Alfred Brian Palmer MBE, DSC (27 March 1899 – 4 July 1993) was a Royal Navy Reserve captain and near the end of his career was the commander of the shore base HMS Furneaux in Brisbane. He is known for his bravery in breaking the German blockade of Tobruk in the Second World War with his small schooner Maria Giovanni. During the Second World War he was wounded several times and finally taken prisoner by the Germans, from whom he attempted numerous escapes. He was awarded the Distinguished Service Cross in 1941 for "courage, skill and devotion to duty in operations off the Libyan coast", and made a Member of the Order of the British Empire in 1944.

==Early life==
Palmer's name at birth was Alfred O'Brien. He first went to sea on the Daniel, a 185-ton sailing vessel built in Norway in 1830. After three voyages to New Zealand on the Daniel in November 1916, Palmer joined the Burrowa, an Australian merchant sailing vessel (2902 gross register tons). On 27 April 1917 Burrowa was attacked and sunk "sixty miles west of the Scilly Isles" by a German submarine.
The crew spent two nights in a lifeboat. They were sighted by a patrol plane, picked up and taken to Penzance. Palmer then served in the British navy until the end of the First World War.

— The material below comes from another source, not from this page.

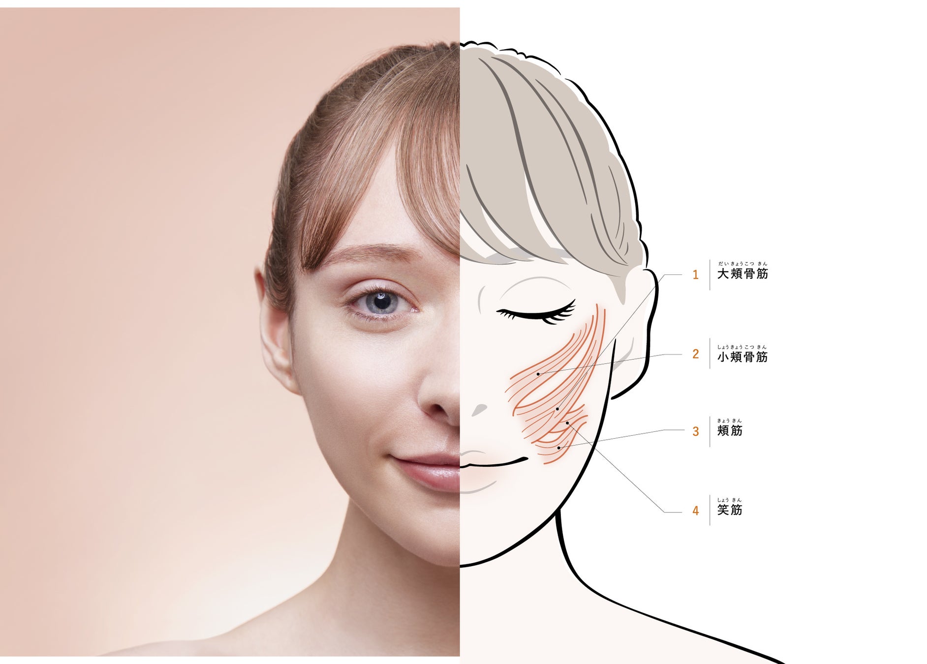 顔用に新たに独自開発したEMSが大頬骨筋、小頬骨筋、頬筋、笑筋といった4つの表情筋にアプローチし、表情筋を効率的にトレーニングします。

Between the First and Second World Wars, Palmer was a merchant seaman serving on many Commonwealth Line ships. He was a crew member of the Carawa when it was run aground in the Galápagos Islands. The crew members returned to Sydney on the steamers Australrange and Australmont in July 1920. In 1928, as the depression began, the Commonwealth line was sold and crews were retrenched.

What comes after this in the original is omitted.